Research

Computational work:

Natural language processing for cognitive models of learning and memory
A substantial body of literature exists to explain episodic memory and semantic memory for words. More recently, I have been integrating machine learning models of word and phrase meaning to explain memory for words and phrases, implementing the verbal model in my dissertation. These models specifically draw on context-based accounts of linguistic representations and of memory, in which context evolves over time and is used to anchor meaning.

Limitations of context-sensitive models of word meaning
Some neural network models (e.g. ELMo and BERT) produce context-dependent representations of individual word meanings, so a word like “up” can have a more literal meaning in “hang up” but a less literal one in “give up.” I have found that context-sensitive word representations from these models are unable to account for human judgments of phrase similarity (e.g. government leader and party official are highly similar). Specifically, these models need a much broader context to make these judgments correctly; unlike people, they cannot rely on non-immediate memory or prior experience.

Learning phrase compositionality
Most computational models of word meaning produce vectors associated with individual words.

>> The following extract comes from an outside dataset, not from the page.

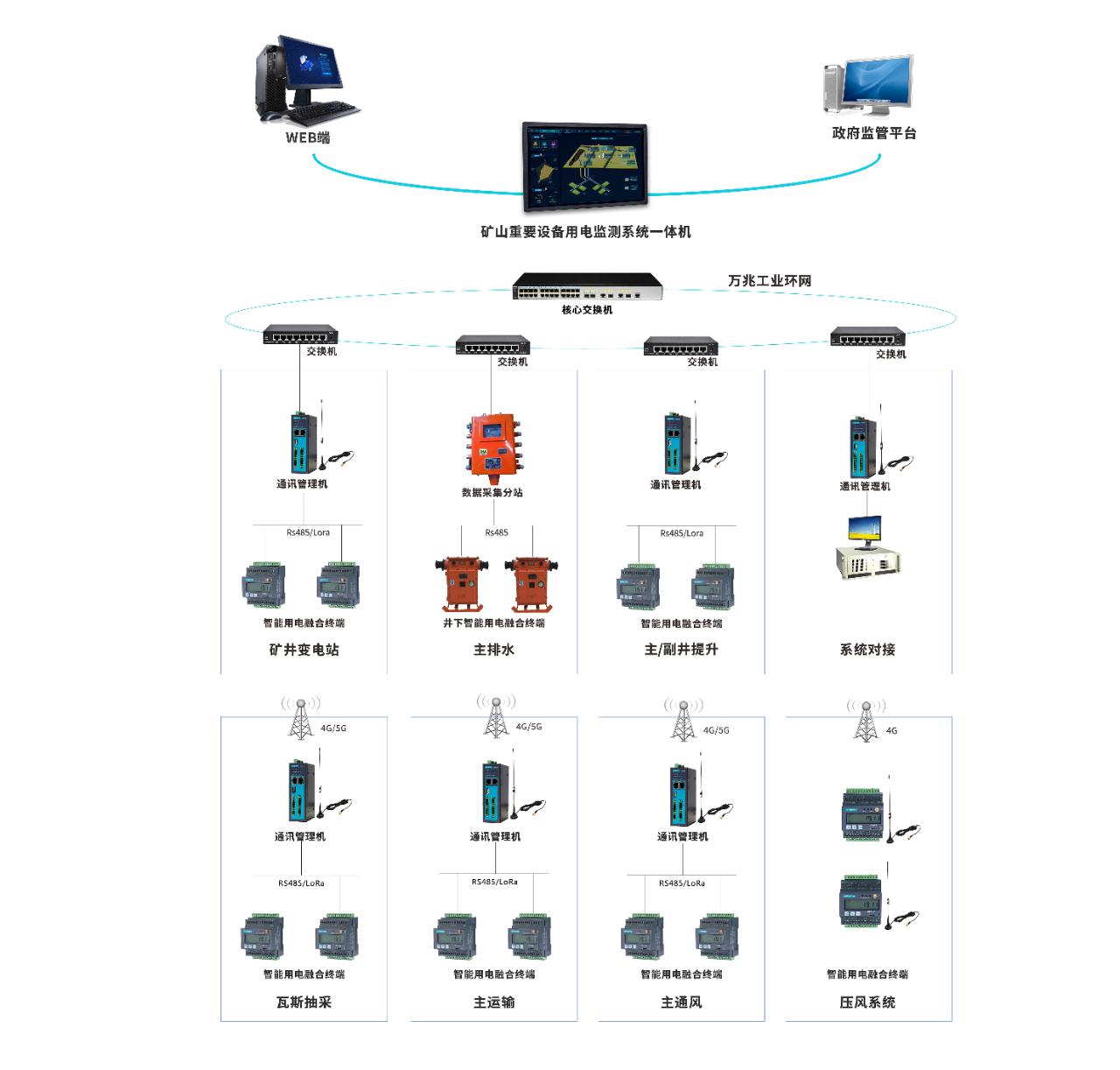 ·網(wǎng)絡(luò)層:以礦山內(nèi)部通訊管理機(jī)及相關(guān)網(wǎng)絡(luò)線路組成,通訊管理機(jī)用于末端計(jì)量表計(jì)和第三方監(jiān)測系統(tǒng)內(nèi)數(shù)據(jù)的采集、存儲(chǔ)、協(xié)議轉(zhuǎn)換并上傳至“管理一體機(jī)”或上級平臺(tái) 。根據(jù)監(jiān)測點(diǎn)位的數(shù)量和位置不同,可任意擴(kuò)展通訊管理機(jī)的數(shù)量。

The result is a “geometric” interpretation of meaning, in which compositionality can be thought of as axes — vectors representing similar types of relationships (e.g. run-runs and draw-draws). Compositionality can be thought of in a similar way. That is, vector representations of combinations that are not literal should deviate from their word representations. I have been exploring methods that test whether this can explain human compositionality judgments.

Behavioral work:

Language production of sequences
Relevant publications: [1] [2]
Compound words and multiword expressions are complicated — we have to identify, remember, and then produce them fluently. When speakers are producing compounds, are they planned and produced like monomorphemic words? And when we retrieve phrases for production, is the process similar, or more discrete? My work has shown that compounds are produced similarly to monomorphemic words (Jacobs & Dell, 2014), but that phrases are decomposable, and retrieving one word from a phrase triggers the retrieval of the other to the extent that they co-occur (Jacobs, Dell, & Bannard, 2017).

Episodic memory for multiword sequences
Relevant publications: [1] [2]
A number of theories have proposed that multiword sequences are stored as unanalyzed wholes in long-term memory. As part of my dissertation work, I used novel applications of recognition memory and free recall experiments to understand phrase processing (i.e. Jacobs, Dell, Benjamin, & Bannard, 2016; Jacobs, Dell, & Bannard, 2017). I have found that phrase frequency effects can still arise in the presence of incremental production, without needing to posit phrase representations per se. More recently, I have been investigating whether phrase frequency effects arise spontaneously during the recall of visual information (Jacobs & Ferreira, in prep).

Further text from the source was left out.